The seaside town of Galaxidi, situated only 16 km (10 miles) southwest of the ancient site of Delphi on the the northern coastline of Corinthian Gulf is a hidden gem waiting to be discovered.
Up until 1963, when the Nafpaktos-Itea road project was completed, the town could only be accessed by boat from Itea.
Even today, Galaxidi’s island-like nature has been maintained. Downhill paths lead to the sea, bougainvillea plants provide color to the alleys, and the wonderful promenade is popular for strolling.
Until the late 19th century, Galaxidi had a sizeable merchant marine fleet and was a prosperous commercial centre.
This is reflected in the size and style of the local buildings. Preservation of the traditional architecture has facilitated the growth of tourism in recent decades.

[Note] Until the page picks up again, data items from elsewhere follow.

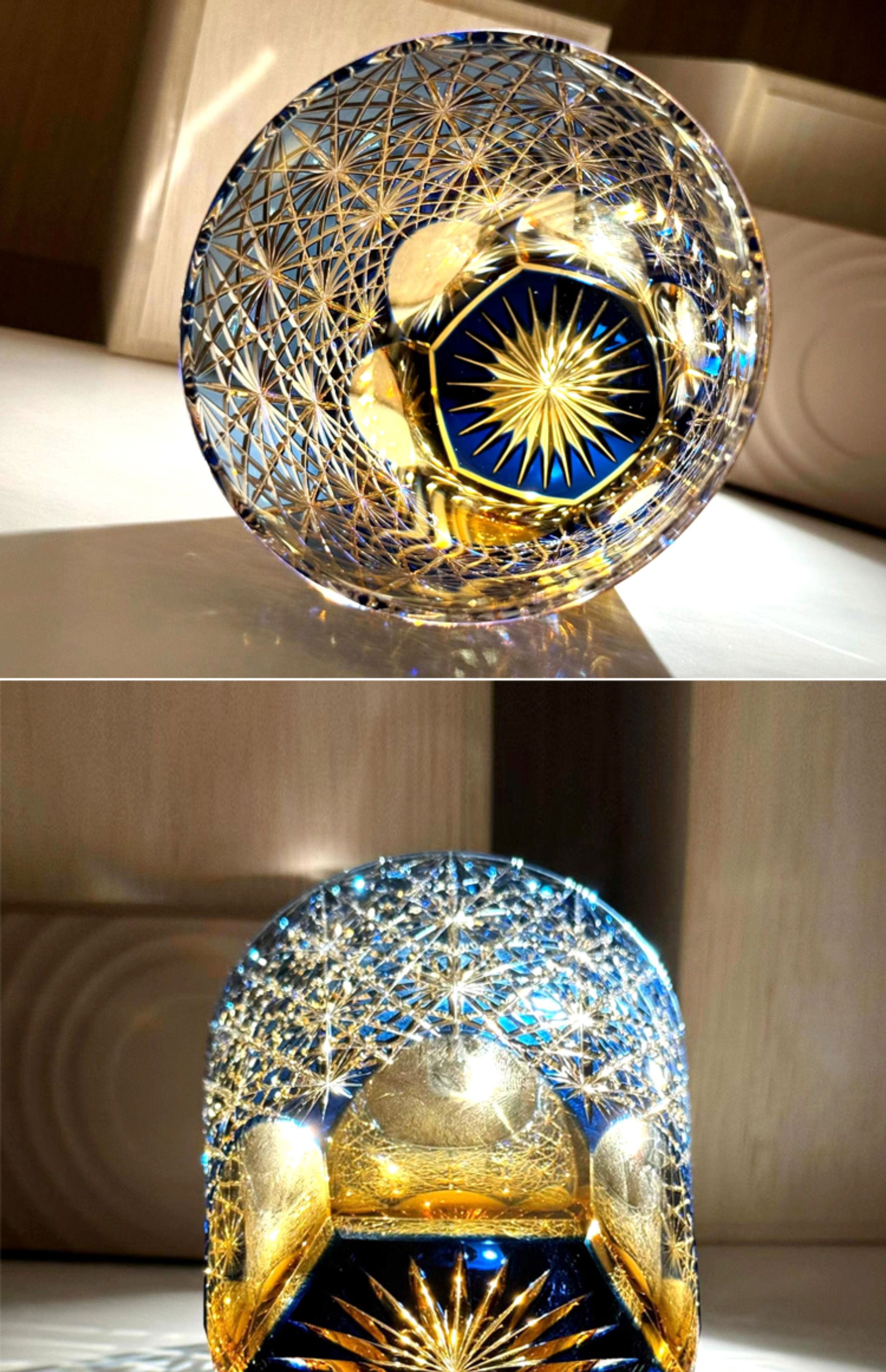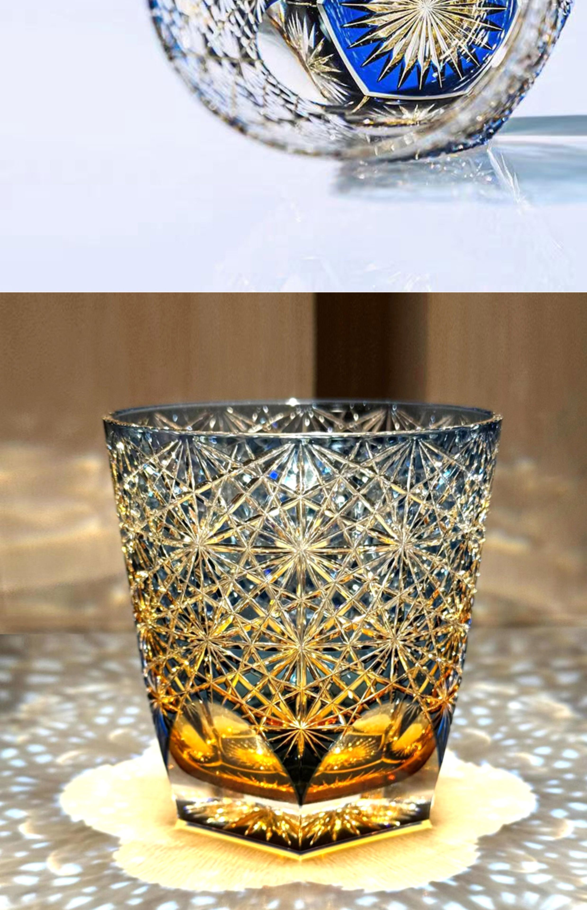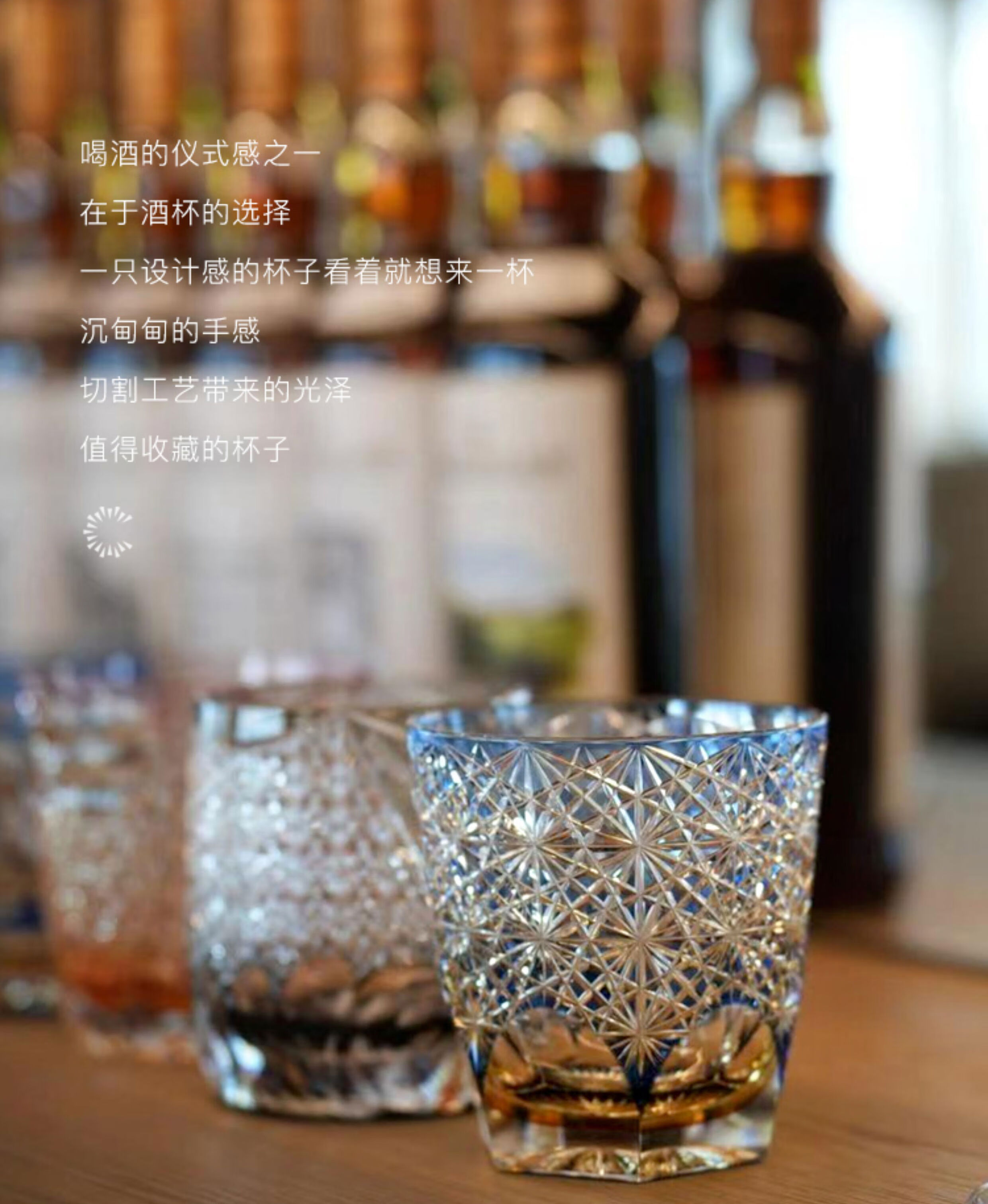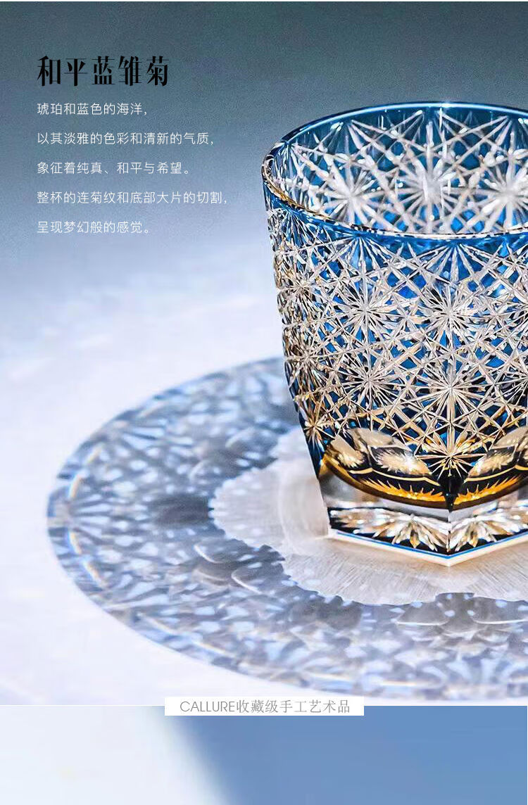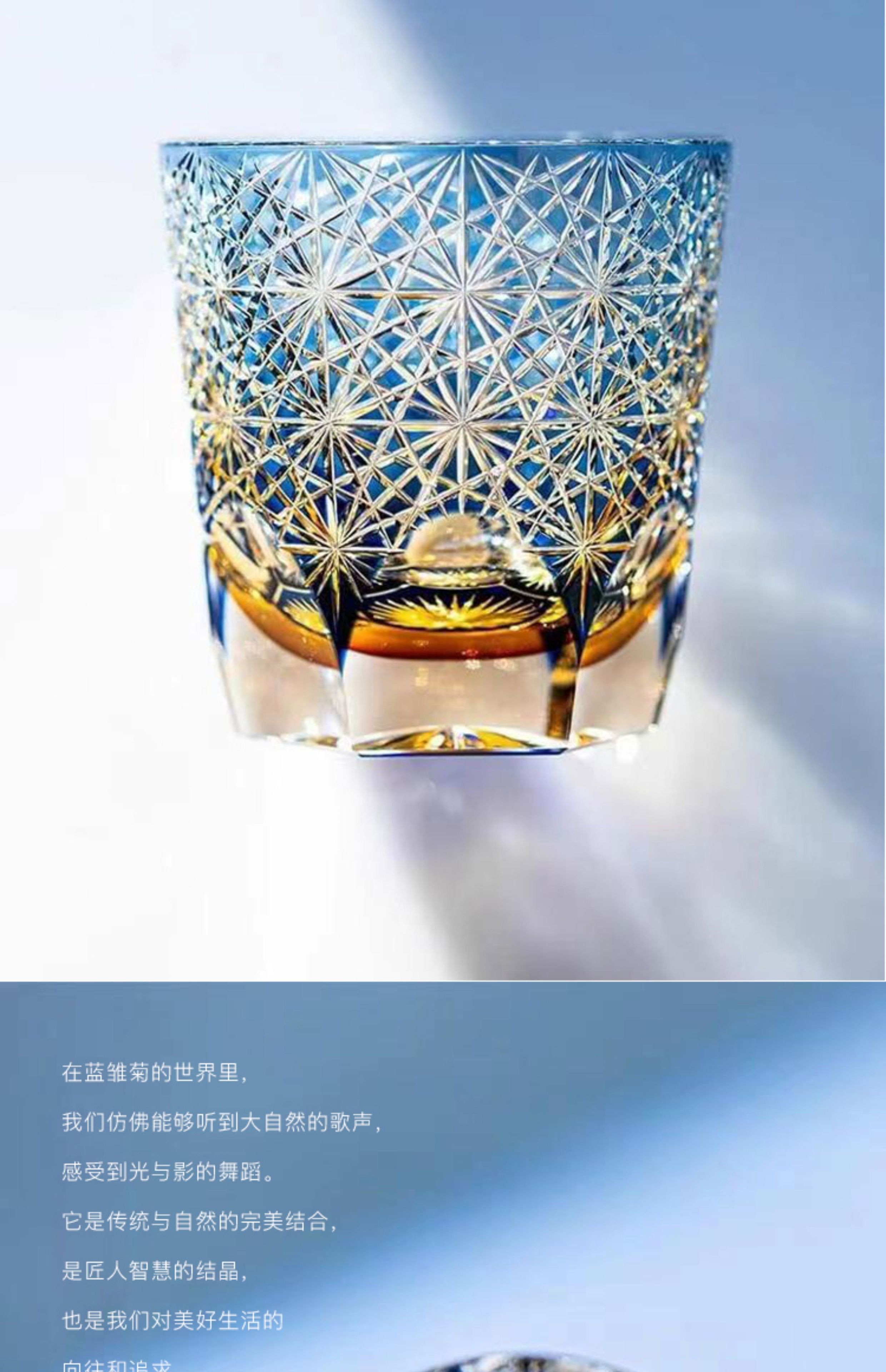 Sailoto Aurora sense hand-carved crystal glass blue daisy Kiriko whiskey cup Japanese style large blue daisy box simple environmental protection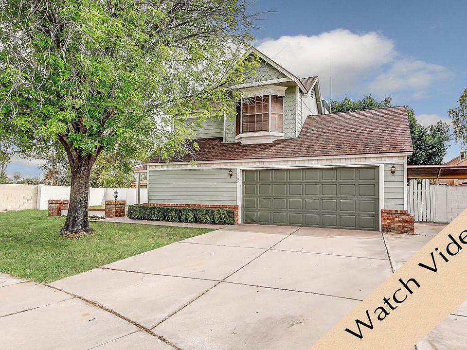 Beautiful home, located on a large pie-shaped lot in Chandler. NO HOA!! Picturesque front lawn with mature tree. Vaulted ceilings with skylight in the formal living and dining room, along with wood floors and tons of natural light. Open-concept main living area with cozy fireplace. Eat-in kitchen offers tons of cabinets and a breakfast bar. Inside laundry, full bathroom, and bedroom downstairs. Split floor plan upstairs. Large master bedroom leads to the full master bath with double sinks and separate seated vanity. Down the hall, 2 more bedrooms and a full bathroom. Backyard showcases a sprawling lawn, glistening pool, and travertine deck with beautiful ramada. Wide sideyard with covered patio. Large home on a large lot. This home is a must see!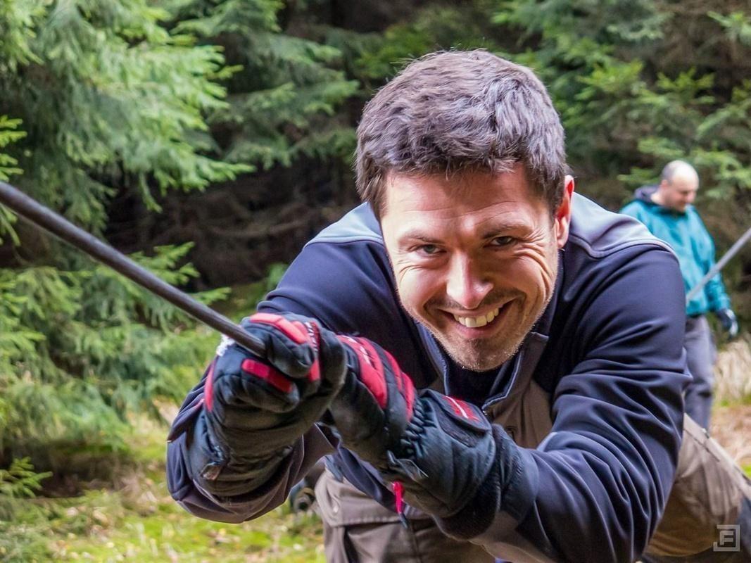 Mann zieht an einem Seil während andere zuschauen, im Wald auf Grasboden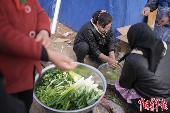 12月20日下午,青海省海東市民和縣中川鄉(xiāng)金田村,在救助點準備飯菜的婦女。中青報·中青網記者 李雋輝/攝
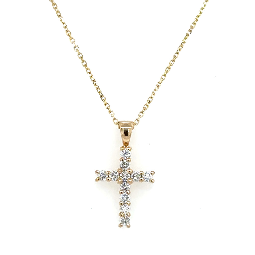 14K Yellow Gold Round Shape Diamond Cross Necklace (1.00ctw)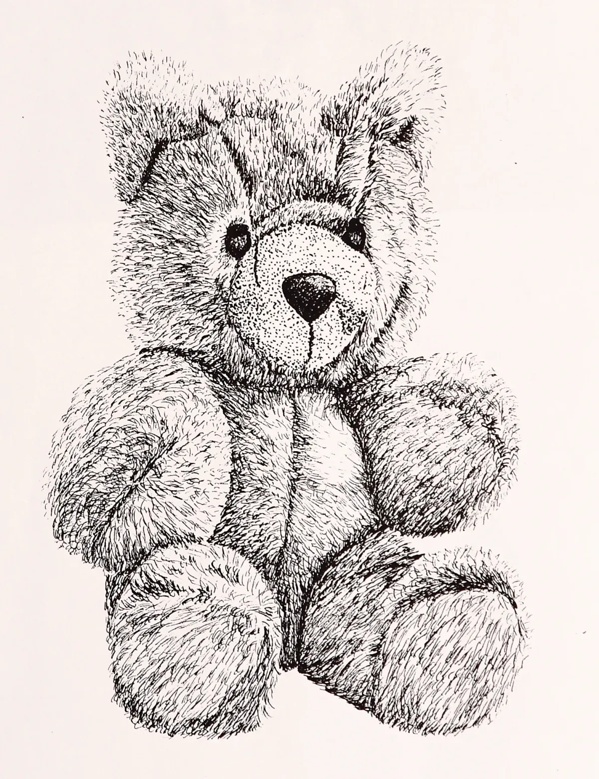 teddy bearpen and inkdrawingmonochromestipplingfluffytoyRealismStorytelling / NarrativeLight / SereneAnimals / WildlifeStill Life / Objects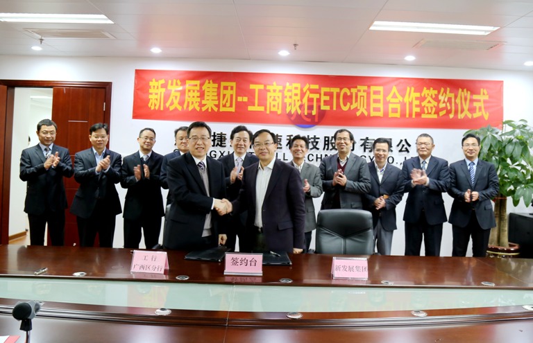 2016年3月2日、3月4日,集團(tuán)公司分別與中國工商銀行廣西區(qū)分行、廣西農(nóng)村信用社簽訂ETC項(xiàng)目合作協(xié)議,標(biāo)志著新發(fā)展集團(tuán)多措并舉全面全力推廣拓展ETC項(xiàng)目又邁出了堅(jiān)實(shí)的步伐。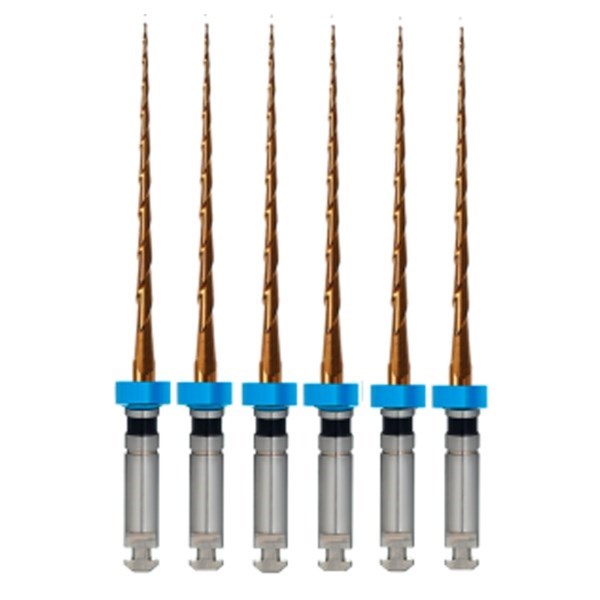 Инструмент MultiTaper Files Gold позволяет одновременно производить: удаление пульпы, прохождение участка, формирование канала. Тем самым уменьшает время процедуры и повышает эффективность. Файл прошел дополнительную термическую обработку, которая делает инструмент более гибким, позволяет отработать большее количество циклов и снижает нагрузку на металл.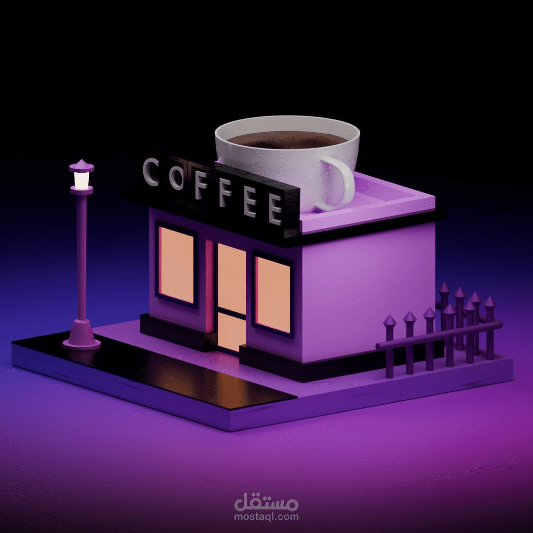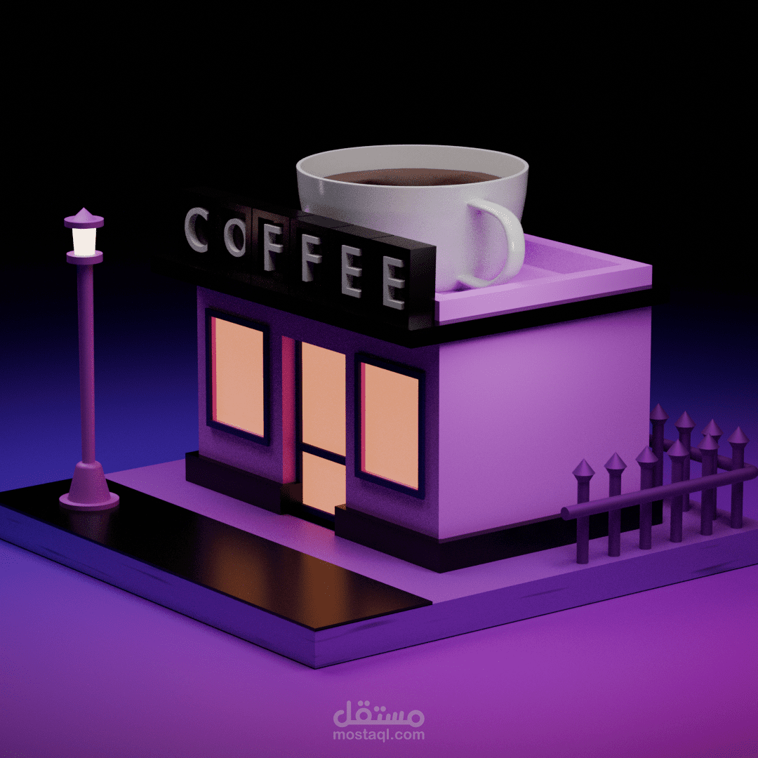 يتضمن العمل تصميم مبنى مقهى مع عناصر محيطة مثل لافتة المقهى، فنجان القهوة، الإضاءة الخارجية والسياج، مع الحفاظ على تكوين بصري متوازن يبرز الفكرة الرئيسية للتصميم. تم استخدام ألوان متناسقة وإضاءة ناعمة لإعطاء إحساس عصري وجذاب مناسب للإعلانات أو المحتوى البصري على المنصات الرقمية.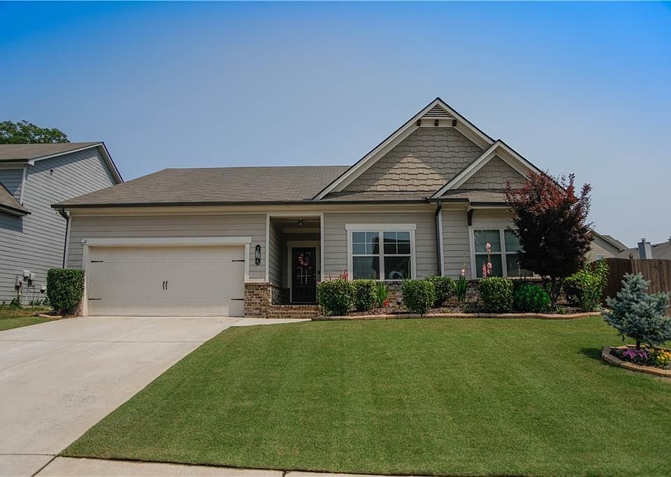 Welcome to your future home! This beautifully maintained home offers the perfect blend of comfort, style, and smart living. Step into a spacious open-concept layout designed for both everyday living and effortless entertaining. Inside, you'll find modern features throughout—including huge walk-in closets, granite countertops throughout, and a smart thermostat to keep your home energy-efficient year-round. The living areas flow seamlessly, making it easy to host family and friends. Step outside to your private oasis. The landscaped yard includes an irrigation system for easy maintenance, a covered patio perfect for relaxing or entertaining, and a cozy outdoor fireplace with a mount for a TV—ideal for movie nights or game days. The fenced-in backyard is enhanced with solar lighting along the fence, creating a warm ambiance in the evenings. For those who love organization and functionality, the garage is a standout feature, with sleek epoxy floors and custom storage solutions to keep everything in its place. This home truly has it all—inside and out. Don’t miss the opportunity to make it yours! It is located in a desirable neighborhood, on the Braselton Life Path. Golf Cart accessibility to several dining and entertainment options.

Galaxidi was home to some of the country’s most important shipping families, a legacy which can be observed at the Nautical and Historical Museum, the first of its kind in Greece.
If you are looking for major nightlife activity, Galaxidi is not the place for you. It is a serene place of non-commercial charm and an ideal base for exploring Delphi and the northern coastline of Corinthian Gulf.
Things change only briefly in February each year when thousands flock to the town to see the “Flour War.”
Locals stage a street battle celebrating the end of carnival on Ash Monday, or “Kathari Deftera” and welcome the Lent period as people throw flour bombs at each other.